In 2013, in addition to the existing vaccine against avian influenza (strain H5N1), Microgen initiated the development of pre-pandemic "Chinese flu" vaccine (strain H7N9). Peter Kanygin, formerly Head of a Rostec structure, was appointed as the director-general of the company. The association's net income has reached 1 bln. rubel.

In March 2014 the company announced the development of a new generation of vaccines against tick-borne encephalitis based on continuous cell lines. In April 2014, Microgen announced the launch of clinical trials of the new combined penta-vaccine aDTB-HepB-Hib (diphtheria, pertussis, tetanus, hepatitis B, and infections caused by Haemophilus influenzae).

== Structure and management ==

Microgen is a Russian state company. Because of the special status of the company, its work is controlled personally by the Prime Minister of Russia.

General Director – Peter Kanygin.

In 2014, Microgen united nine operating companies located in 9 cities across Russia. Its major production sites are located in Stavropol, Irkutsk, Nizhny Novgorod ("ImBio"), Moscow, Tomsk ("Virion"), Perm ("Biomed") and Ufa ("Immunopreparat").

The company has a staff of more than 6,000 people.

Since March 1, 2019, the sole executive body of NPO Microgen JSC has been Nacimbio JSC. In 2021, the Rostec State Corporation transferred 100% of the shares of NPO Microgen to the Nacimbio holding

== Production ==

The company produces more than 70% of the total Russian immunobiological products, including two of the four vaccines against A/H1N1. Microgen also has a monopoly on the production of a number of other vaccines. In 2013, the company controlled 23% of the Russian market of medicines from donated blood plasma. The company supplies 70% of vaccines and toxoids included in the National Immunisation Calendar of Russia.
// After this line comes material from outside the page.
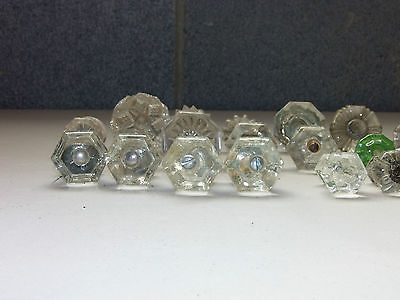 ANTIQUE VINTAGE LOT OF 19 GLASS KNOBS FURNITURE HARDWARE GREEN LARGE FACETED
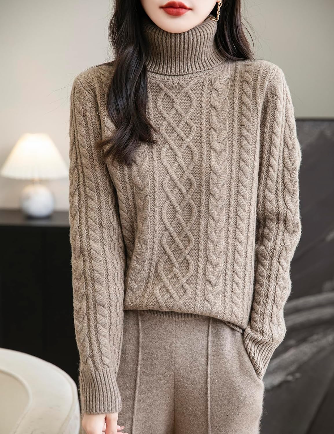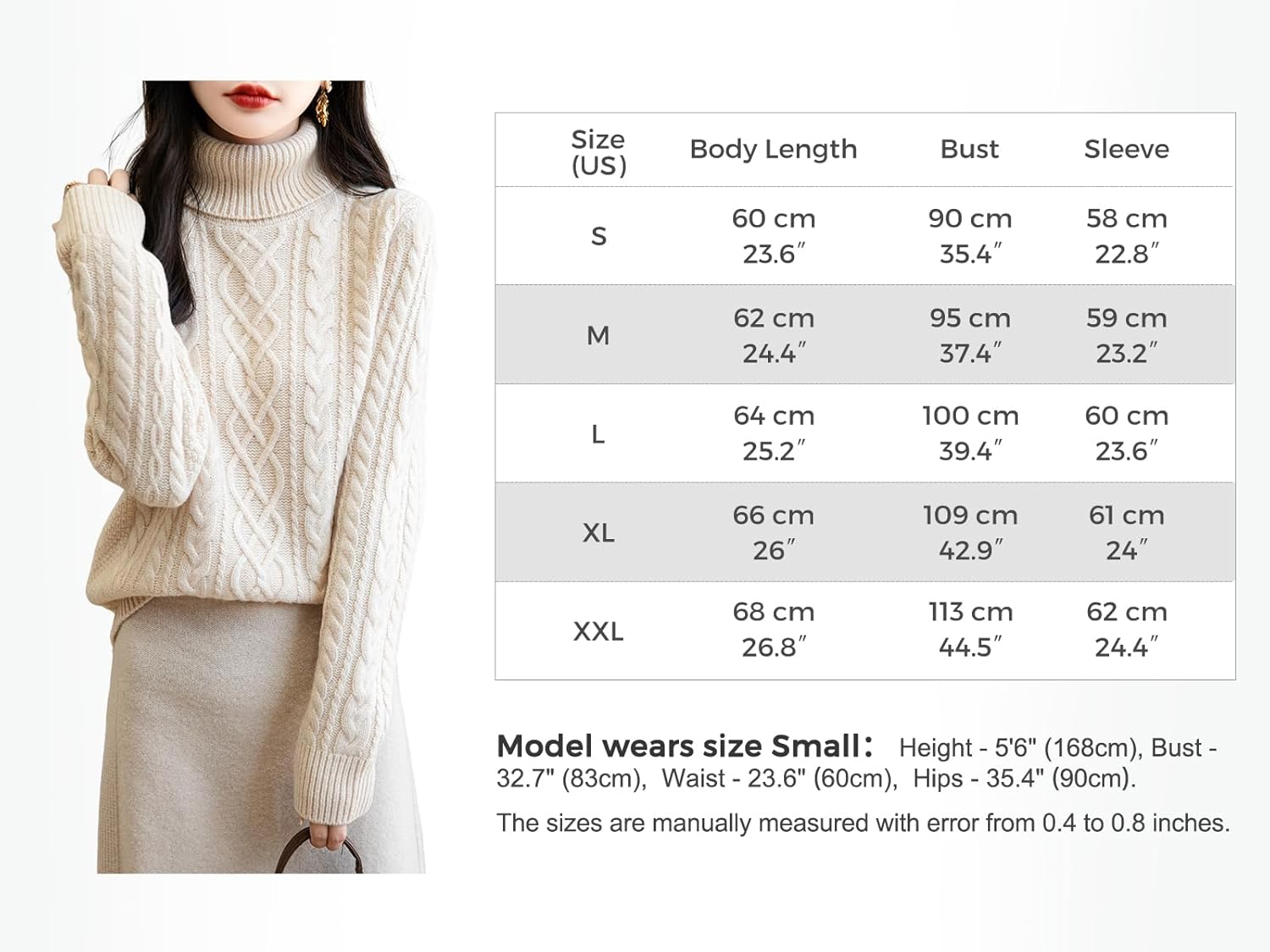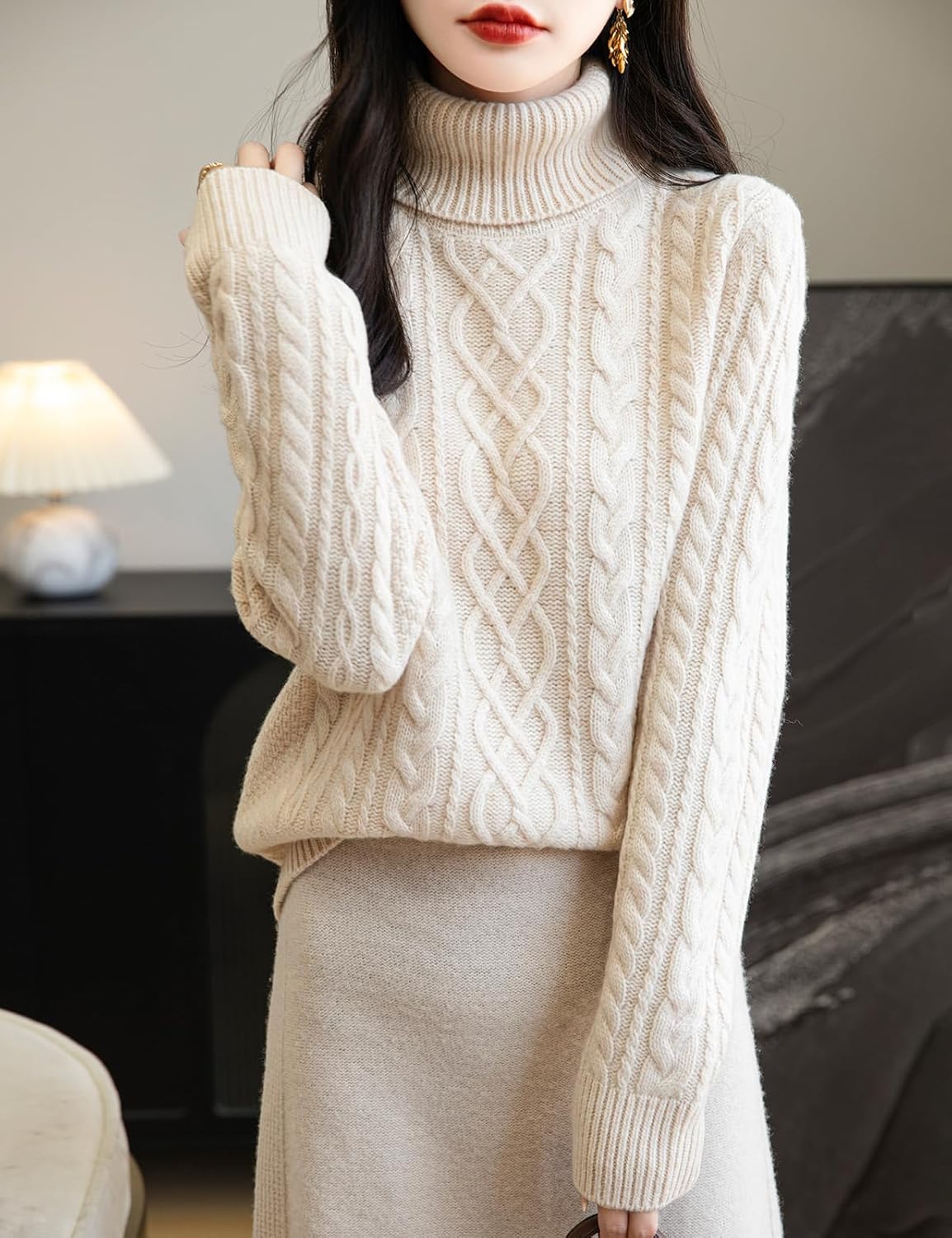 - 특징: 5게이지 고급 원단, 도톰함. 일반 핏, 단색, 터틀넥, 긴소매, 클래식 케이블 스티치 디자인, 골지 커프스. 높은 신축성, 캐주얼한 스타일. 가볍고 따뜻하며 부드러워 착용감이 매우 편안합니다. 이 메리노 울 스웨터는 독특한 질감의 패턴이 겨울 옷장에 시각적인 재미와 매력을 더합니다.

Microgen produces a range of over 120 immunobiological products: vaccines, sera, specific and polyvalent immunoglobulins, nutrient medium, allergens, probiotics etc. Of these, 60 products are included in the Russian list of vital and essential medicines.
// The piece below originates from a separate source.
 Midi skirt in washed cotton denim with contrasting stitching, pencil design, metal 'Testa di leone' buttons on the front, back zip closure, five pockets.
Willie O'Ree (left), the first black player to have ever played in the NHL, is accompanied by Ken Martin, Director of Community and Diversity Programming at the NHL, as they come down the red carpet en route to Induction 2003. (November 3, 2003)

Microgen is the only enterprise in Russia producing bacteriophages on an industrial scale.

Its medical drugs and products are exported to Kazakhstan, Ukraine, Belarus, Uzbekistan, Azerbaijan, Armenia, Georgia, Mexico, Mongolia, Vietnam and India.

== Research ==

The company is developing more than 15 products, including a new version of influenza vaccine, tissue culture vaccines against varicella, rabies, tick-borne encephalitis, combined vaccines DTP-HepB-Hib, HepB-aDTP-Hib and MMR (measles, mumps and rubella) and complex preparations of bacteriophages, etc.

Microgen is involved in several international research projects, including the WHO program to combat smallpox, measles, rubella, tuberculosis, avian influenza, etc.

Since 2013, Microgen has been involved in the development of a new drug for the treatment of leukaemia and other antitumor drugs.

In 2014, the company announced the launch of clinical trials of the drug "Relatoks" (botulinum toxin type A – haemagglutinin complex) in paediatric neurology

The research projects of the company involve over 130 PhD Candidates and more than 30 Doctors of Science.

Microgen is among the ten most innovative companies in Russia, according to RBC Group ratings.

== Finance ==

The company's 2013 revenue amounted to RUB 7.6 bln., net profit - RUB 1 bln. In 2012, the company was the fifth largest in terms of revenue among all Russian pharmaceutical manufacturers.

On the basis of 2012 results, the DSM Group analysts estimated the company's overall turnover at RUB 5.1 bln. One of the company's branches ("Virion", Tomsk) in 2013 supplied RUB 950 mln. worth of products.

In 2012 the company completed 43 State contracts, totalling more than RUB 1.8 bln.

In 2011, revenues from exports reached RUB 500 mln.

The same year, Microgen has spent close to RUB 2 bln. of its own funds on the construction of 2 pharmaceutical plants and a laboratory. By 2018 the company plans to spend RUB 17 bln. on the modernisation of its production processes.

In 2014, Russia's VTB Bank extended a credit line for the FSUE SPA Microgen to the amount of RUB 2 bln., for a period of 3 years.

The company is state-owned, but does not receive subsidies from the State budget.